**Problem to work on**
Start at the first line below and write out everything verbatim except the pictures.

**Dataset extract**
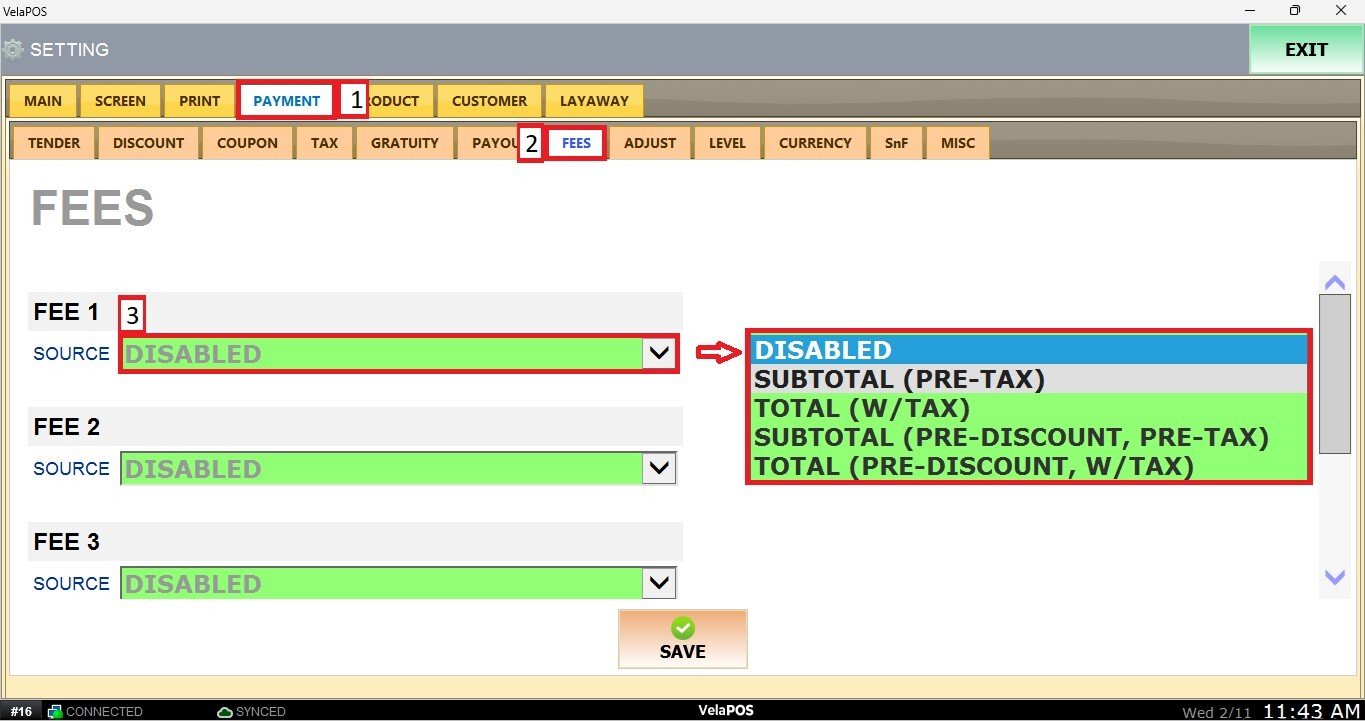 Main Screen> MENU> SETTINGS> PAYMENT> FEE
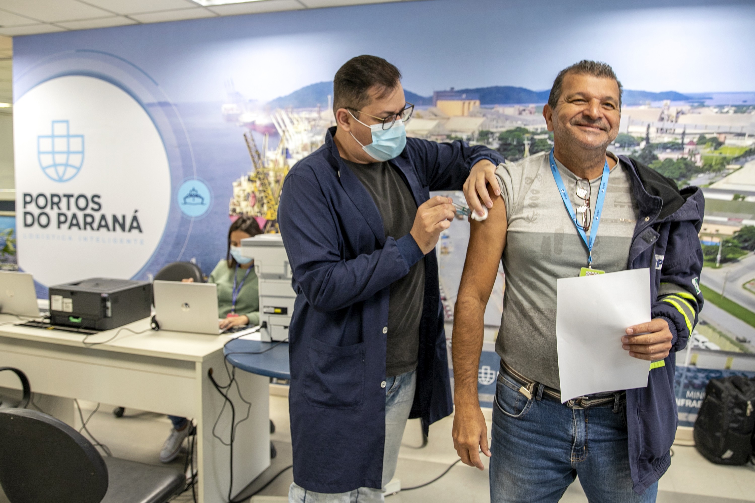 A Portos do Paraná encerra nesta quinta-feira (19) o esforço concentrado para promover a vacinação de trabalhadores contra a gripe Influenza e também contra a Covid-19. A ação, em parceria com a Secretaria da Saúde de Paranaguá, vai atender os empregados da empresa pública e, também, trabalhadores que atuam nas demais empresas da comunidade portuária e prestadores de serviços que passam pelo local.
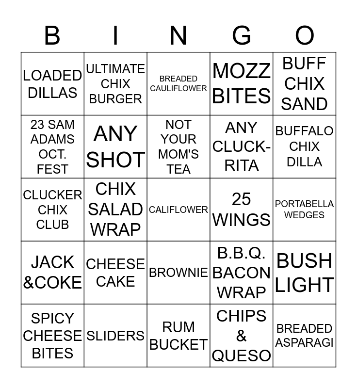 This bingo card has a free space and 24 words: CHEESE CAKE, SLIDERS, NOT YOUR MOM'S TEA, SPICY CHEESE BITES, BUFF CHIX SAND, LOADED DILLAS, 23 SAM ADAMS OCT. FEST, ULTIMATE CHIX BURGER, 25 WINGS, BROWNIE, ANY CLUCK-RITA, CLUCKER CHIX CLUB, B.B.Q. BACON WRAP, BUSH LIGHT, ANY SHOT, CHIPS & QUESO, PORTABELLA WEDGES, BREADED CAULIFLOWER, BUFFALO CHIX DILLA, CHIX SALAD WRAP, BREADED ASPARAGI, JACK &COKE, MOZZ BITES and RUM BUCKET.
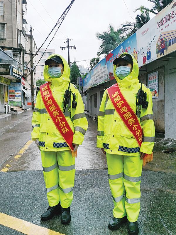 6月7日上午,莆田哲理中学考点,城厢护考服务小分队队员在雨中执勤

**Result**
 Main Screen> MENU> SETTINGS> PAYMENT> FEE
 A Portos do Paraná encerra nesta quinta-feira (19) o esforço concentrado para promover a vacinação de trabalhadores contra a gripe Influenza e também contra a Covid-19. A ação, em parceria com a Secretaria da Saúde de Paranaguá, vai atender os empregados da empresa pública e, também, trabalhadores que atuam nas demais empresas da comunidade portuária e prestadores de serviços que passam pelo local.
 This bingo card has a free space and 24 words: CHEESE CAKE, SLIDERS, NOT YOUR MOM'S TEA, SPICY CHEESE BITES, BUFF CHIX SAND, LOADED DILLAS, 23 SAM ADAMS OCT. FEST, ULTIMATE CHIX BURGER, 25 WINGS, BROWNIE, ANY CLUCK-RITA, CLUCKER CHIX CLUB, B.B.Q. BACON WRAP, BUSH LIGHT, ANY SHOT, CHIPS & QUESO, PORTABELLA WEDGES, BREADED CAULIFLOWER, BUFFALO CHIX DILLA, CHIX SALAD WRAP, BREADED ASPARAGI, JACK &COKE, MOZZ BITES and RUM BUCKET.
 6月7日上午,莆田哲理中学考点,城厢护考服务小分队队员在雨中执勤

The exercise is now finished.